• _YOUR OBJECTIVE_:
Copy the lines of the data below exactly, starting at the first and stopping after the line that contains "NOTICE ENTIRE COMPLEX"; include no pictures.

• _ENTRIES PROVIDED_:

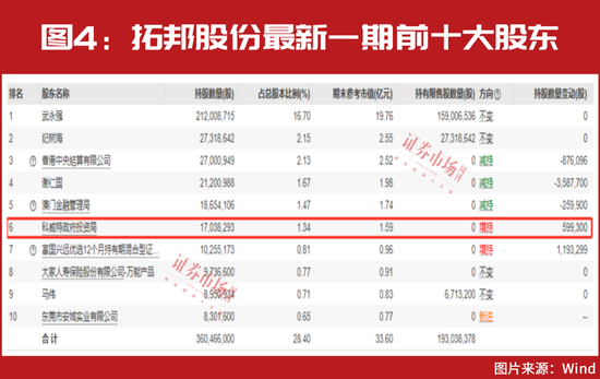 据丽珠集团披露的最新股东持仓信息显示,今年第四季度以来截至12月12日,阿布扎比持有公司股份数量增加了48.18万股,科威特投资局则以新进的姿态成为公司的前十大股东(见图1)。
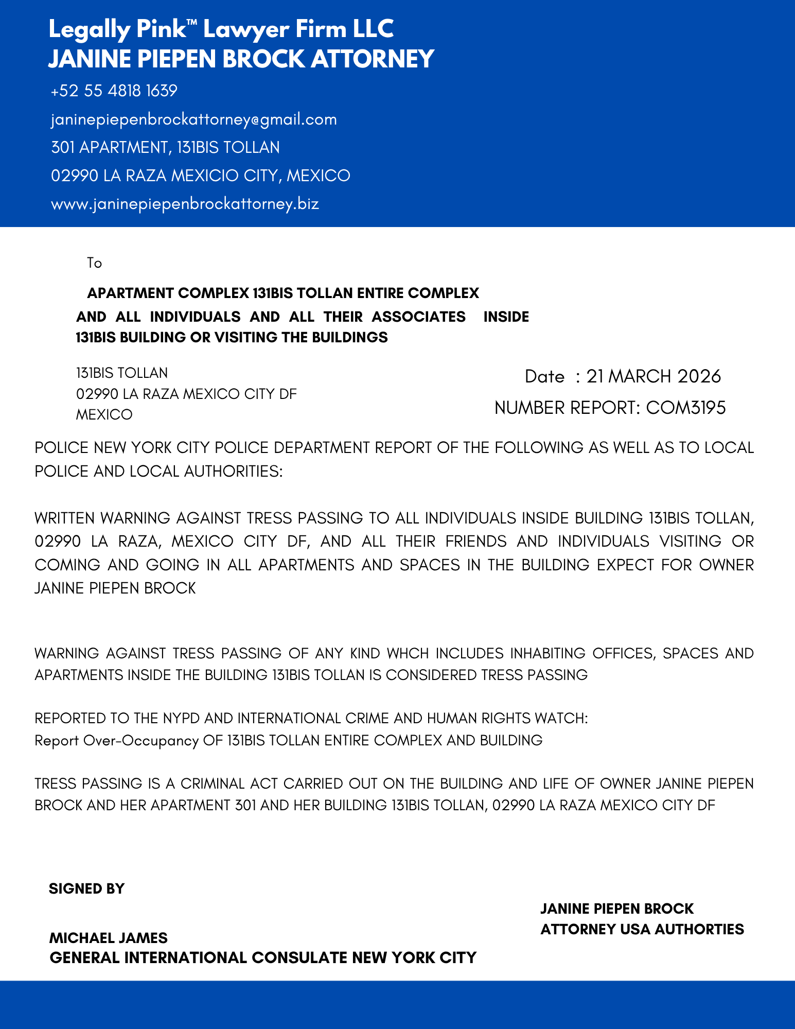 NOTICE ENTIRE COMPLEX 131BIS TOLLAN, 21 MARCH 2026
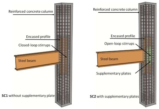To overcome this inconvenience, a novel RCS beam–column joint, in which an H steel profile covered by two supplementary plates embedded inside an RC column is directly welded to the steel beam, was proposed (Figure 2). The two supplementary plates are included in this design to avoid the stirrups resisting the shear in the connection region. A numerical study based on 3D finite element (FE) modeling recently performed by Nguyen et al. [15] indicated that the static behavior of this novel joint depended strongly on the length of the encased steel profiles. It has been observed that the presence of supplementary plates in joint regions allowed for the removal of the stirrups in this region. Furthermore, the parametric study performed with various lengths of supplementary plates pointed out that supplementary plates were useful only at the beam–column connection. However, the cyclic behavior of this type of connection has not been studied yet.
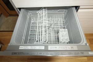 そして手洗いよりも省エネになり高温で除菌できる《食器洗い乾燥機》は、シンク下に配置され水垂れせずお皿をセットでき強い主婦の味方。
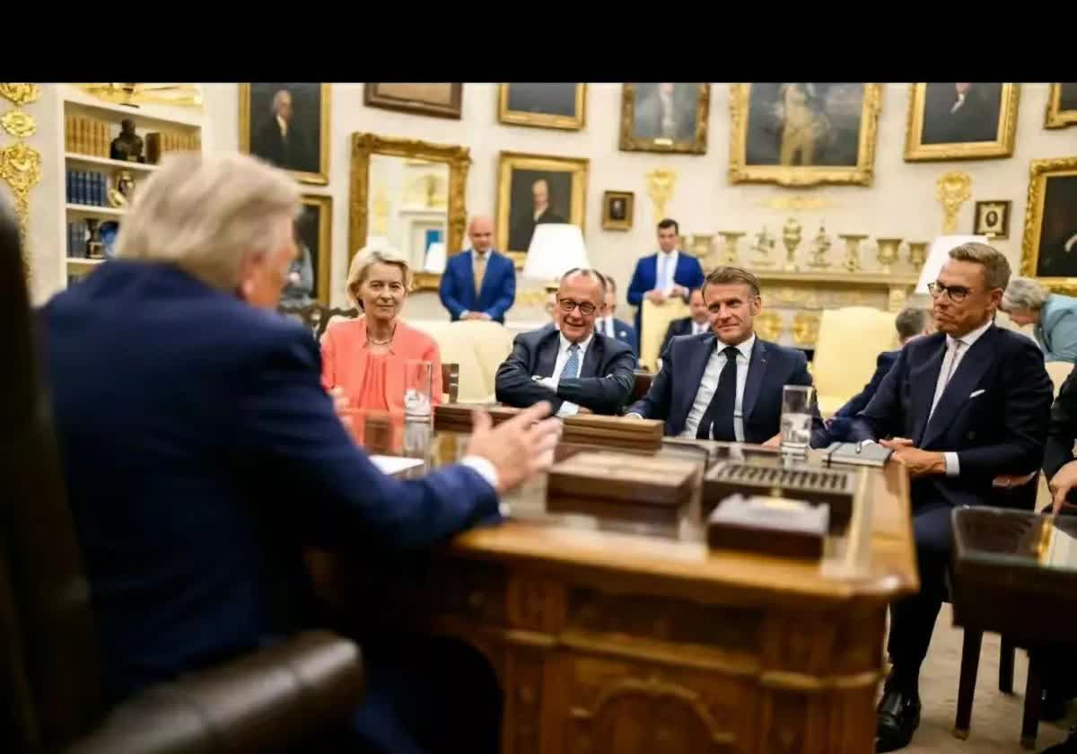 特朗普鸟枪换炮了,越来越拽了。 第1个总统任期里,他像犯了错一样,被一群大首领质问。 第2个任期里,他像审犯人一样,让几个欧洲国家的大首领坐在他面前。 只是第1张相片上的几个人都消失了,换了另一批人。 安倍被杀了,默大婶下任了。只有马克龙还在坚挺,不但坚持活着,还在总统任期里,不过美国跟法国总统只能坐两任,马克龙会跟特朗普一起下台,而且下台的还比特朗普早。
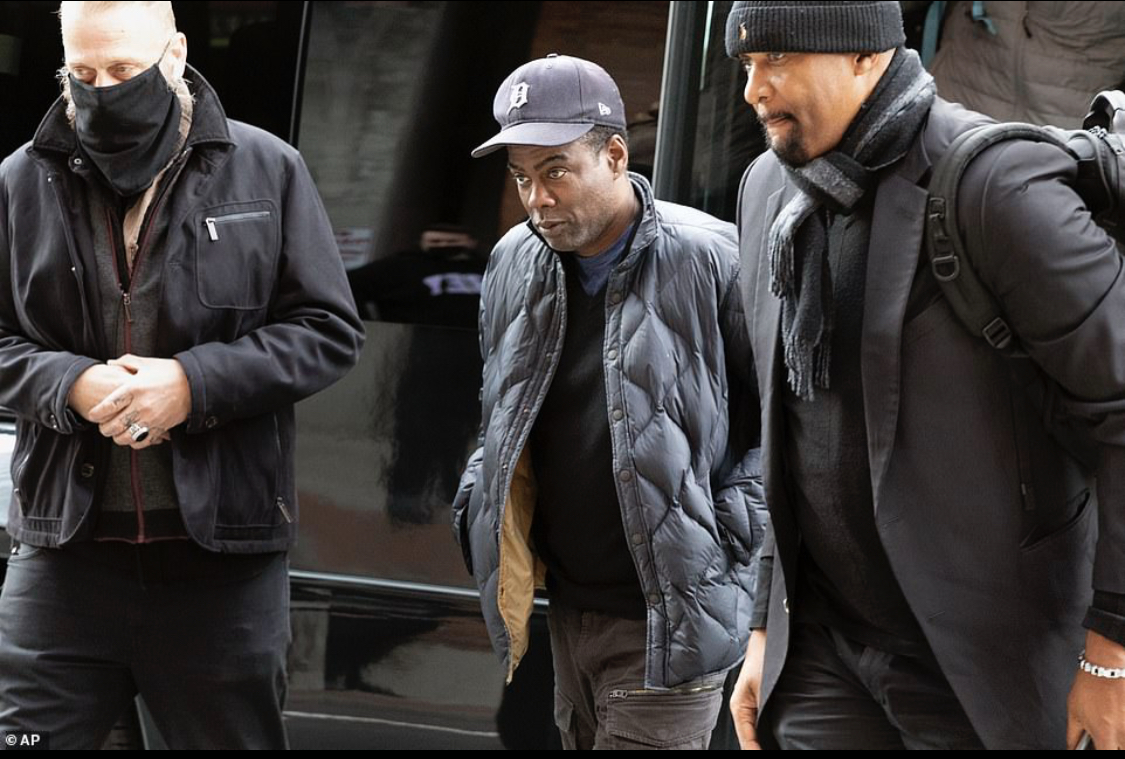 Chris Rock leaves Wilbur Theatre in Boston after performing two shows Wednesday night. The uninhibited comedian remained uncharacteristically tight-lipped about being slapped by Will Smith during Sunday’s Academy Awards show

• _EXPECTED ANSWER_:
 据丽珠集团披露的最新股东持仓信息显示,今年第四季度以来截至12月12日,阿布扎比持有公司股份数量增加了48.18万股,科威特投资局则以新进的姿态成为公司的前十大股东(见图1)。
 NOTICE ENTIRE COMPLEX 131BIS TOLLAN, 21 MARCH 2026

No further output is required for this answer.